¹⁹F signal was quantified based on the data acquired 24h post-injection. B₁⁺ mapping was performed on a slice-by-slice approach using previously measured PFCE T₁ value of 650ms. Pixel-wise concentration was calculated based on the non-corrected and B₁⁺/B₁^--corrected signal intensity images acquired at 30° and 45° respectively. Calculation of the total PFCE volume was done by integrating the ¹⁹F signal over all slices.
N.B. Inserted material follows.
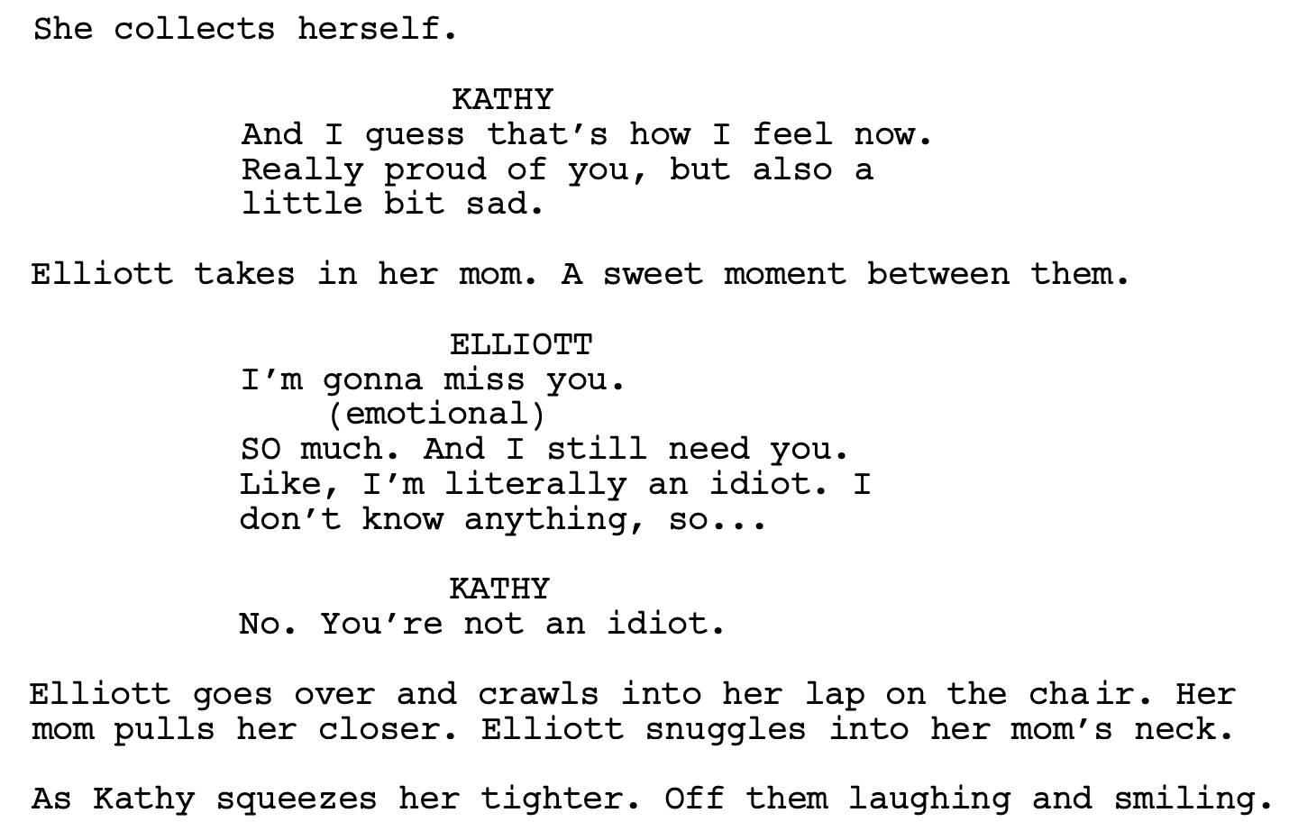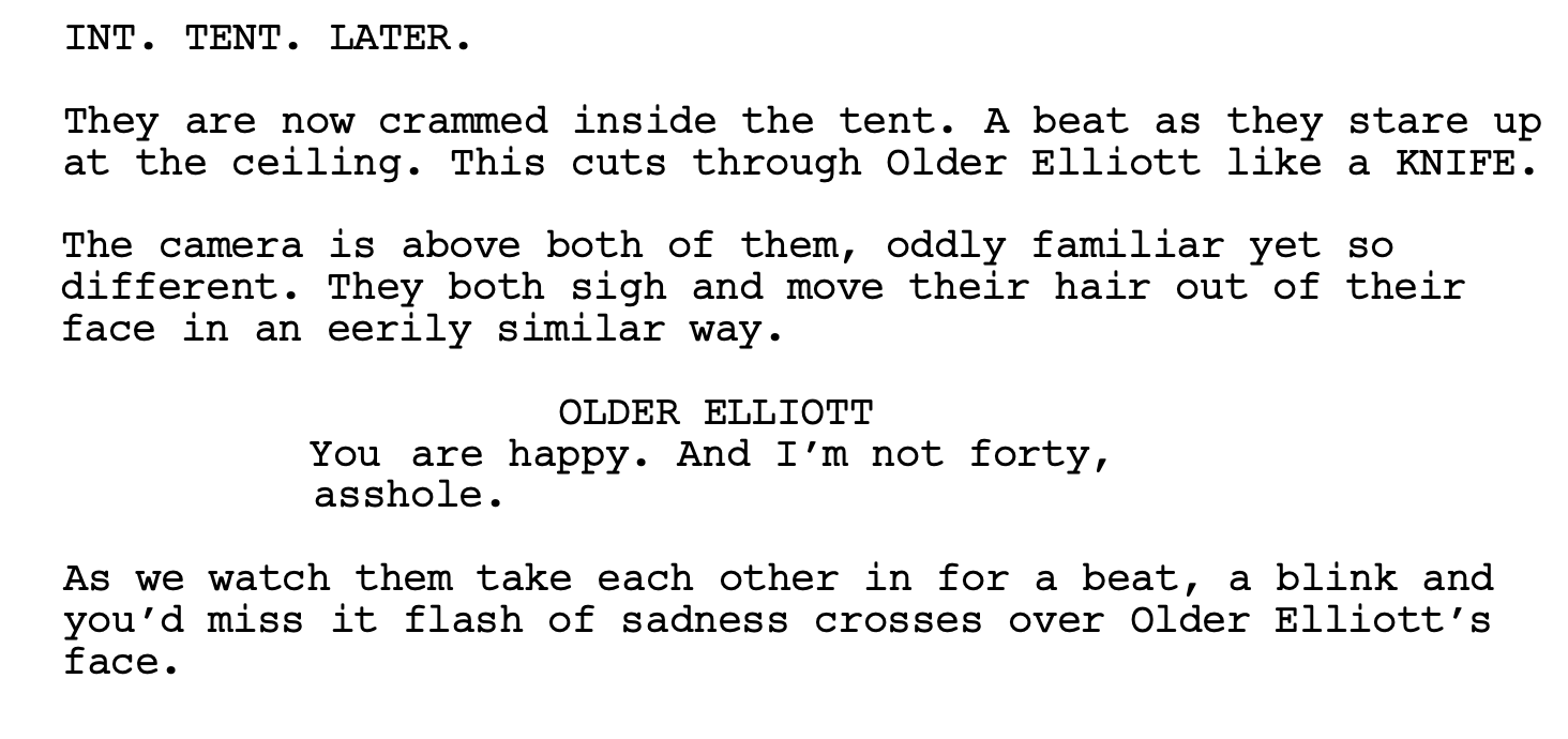 Park’s description of her protagonist is such a love letter. She devotes an entire paragraph to ELLIOTT. You can see it compared to the description of Elliott’s friends RO and RUTHIE (also…Park knew that she was going to direct her own screenplay and therefore was able to break the don’t-name-two-characters-similar-names rule).

No fluorine signal from the mouse abdomen could be detected directly after intravenous injection of HMSS-PFCE nanoparticles. 24h post-injection pronounced fluorine signal could be detected exclusively in the mouse liver (Figure 1), which was completely gone 96h post-injection. Respective correction data considering transmit and receive effects could be calculated from 30° and 45° data. Resulting concentration maps derived from the signal intensity images acquired at 30° and 45° flip angles before and after correction are shown in Figure 2. An overview of the mean PFCE concentrations in the liver calculated for fluorine containing slices for corrected and non-corrected data is provided in Figure 3. Correction yielded similar ¹⁹F concentrations for different FAs, whereas without correction the resulting concentrations differed by up to 25%. The PFCE quantity in the liver as evaluated from the B₁⁺/B₁^--corrected concentration maps resulted to 9.73mg (for 30° FA image) and 9.59mg (for 45° FA image), corresponding to more than 85% of the injected amount of PFCE. Quantification from non-corrected data yielded high differences between the two FAs and lower absolute values of 7.10mg (for 30° FA image) and 8.23mg (for 45° FA image).Without correction, the inhomogeneous B₁⁺ profile yielded inaccurate quantification results as obvious by the huge differences of the ¹⁹F concentrations derived from two FAs. With the proposed correction, the resulting concentrations were almost independent on the FA indicating good correction of the transmit and receive effects. The PFCE amount in the liver calculated after B₁⁺/B₁^--correction (~10mg) does still not perfectly match the theoretical value of 11.23mg. Remaining differences may be attributed to actually lower amount of particles in injected solution, non-complete loading of the particles, variations of the particle properties and partly excreted or still circulating particles 24h after injection.In conclusion, proposed method for correction of B₁⁺ and B₁^- inhomogeneities enables accurate quantification of local ¹⁹F aggregations with acquisition times suitable for in vivo applications without requiring any modifications of the imaging sequence.